How to Get More Shut-Eye! 

Unfortunately, these changes to your sleep patterns are a normal part of aging, and you should have realistic expectations about what your sleep will look like as you get older. While you might need at least 6 hours of sleep to be at your best, it becomes harder and harder to get that. But you know what? Worrying won’t help! As Dan G. Blazer, MD, PhD, geriatrician and psychiatrist at Duke Medicine in Durham, N.C. points out, “The problem for many older adults is that they don’t expect or accept these changes. Instead, they begin to worry about their sleep, which can lead to real concern, even when their sleep is not at all abnormal. Worry is also an enemy of optimal sleep, and sleep remains essential to mental and physical health even as the decades roll by.”
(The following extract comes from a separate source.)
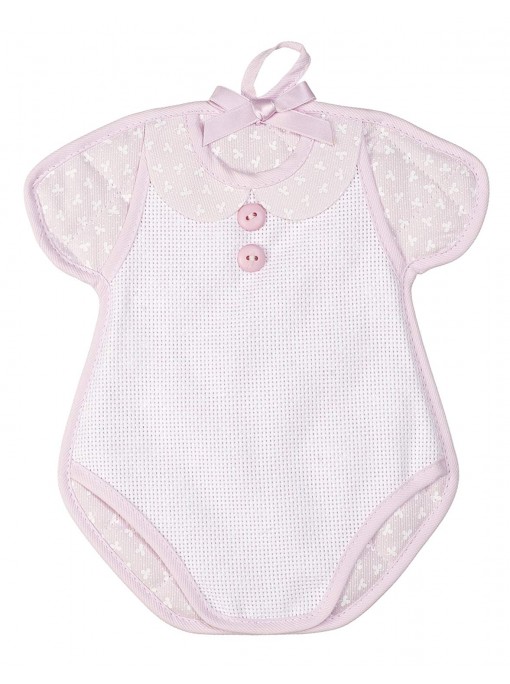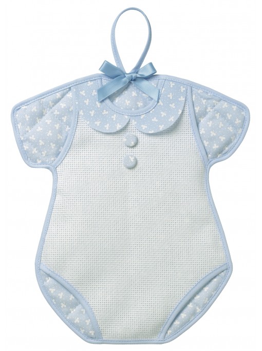 Fiocco nascita in 100% cotone trapuntato con colletto e body in tela aida ricamabile
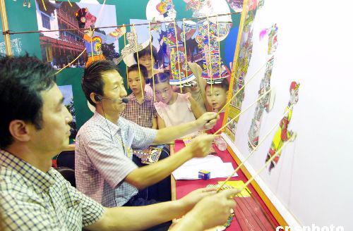 中國傳統(tǒng)“皮影戲”在兒童廟會上的亮相,引來了不少兒童好奇的目光。中新社記者:湯彥俊

So take the doctor’s advice and don’t stress about sleep; instead, try a few simple strategies to improve your “sleep hygiene.” These can include:

  • Limiting naps – As we have said, napping isn’t always a terrible thing, but try not to get into the habit of taking a snooze every day. And if you really must nap, do so for only about 30 minutes, closer to lunchtime than dinnertime. 
  • Sticking to a schedule – It can be tough, but try setting a bedtime and sticking to it as closely as possible. Going to bed early one night and very late the next can start to make sleep more difficult over time. Try to get up around the same time each day, as well, so you can begin to train your body to get optimal sleep!
  • Avoiding alcohol, caffeine, and tobacco products – Alcohol is a depressant, and caffeine and nicotine are both stimulants, and all three can really mess with your sleep. Cut back as much as possible on alcohol and tobacco products (to help you sleep, as well as for your general health), and, if you’re a coffee drinker, limit it to the morning.

    caucasian persons laying down in bed with their face lit up from the cell phone they're holding.
    Avoid looking at your cell phone or any electronics in your bed or at night before you are about to sleep.
  • Being more active – Getting more exercise during the day is beneficial in so many ways! It keeps your heart healthy, can help with arthritic pain, and it can help you to sleep better at night. Just remember to get your workouts in in the morning or afternoon, not after 7 or 8 in the evening. 
  • Keeping your bedroom cool and dark – Again, keep the screens out of your bedroom and limit blue light an hour before bedtime. Make your room as dark as possible – you may want to keep a flashlight by your bed in case you need to get up in the middle of the night. Turn your thermostat down well before you go to bed, so that your bedroom will be cooler, which is more conducive to sleep. 
  • Putting your worries aside – As we mentioned earlier, worrying – about anything – can interfere with your sleep, keeping you awake at night or even waking you up. Try some relaxation strategies before bed, like meditation, reading something soothing, taking a warm bath, or writing down your worries and promising yourself you’ll get back to them later. 
  • Talking to your doctor – For many people, sleep disruptions are a normal part of aging. In some cases, though, sleep problems are due to medical issues such as chronic pain, depression, or a true sleep disorder. If you think your sleep issues might be more serious, speak to your doctor.

If you’re losing sleep, don’t, well, lose sleep over it! It’s natural, if frustrating, for your sleep patterns to change as you get older. You can’t completely reverse the effects of aging on your sleep, but with some of these strategies, and maybe a conversation with your doctor, you can get in a little more shut-eye, as well as get the most out of the sleep you do get.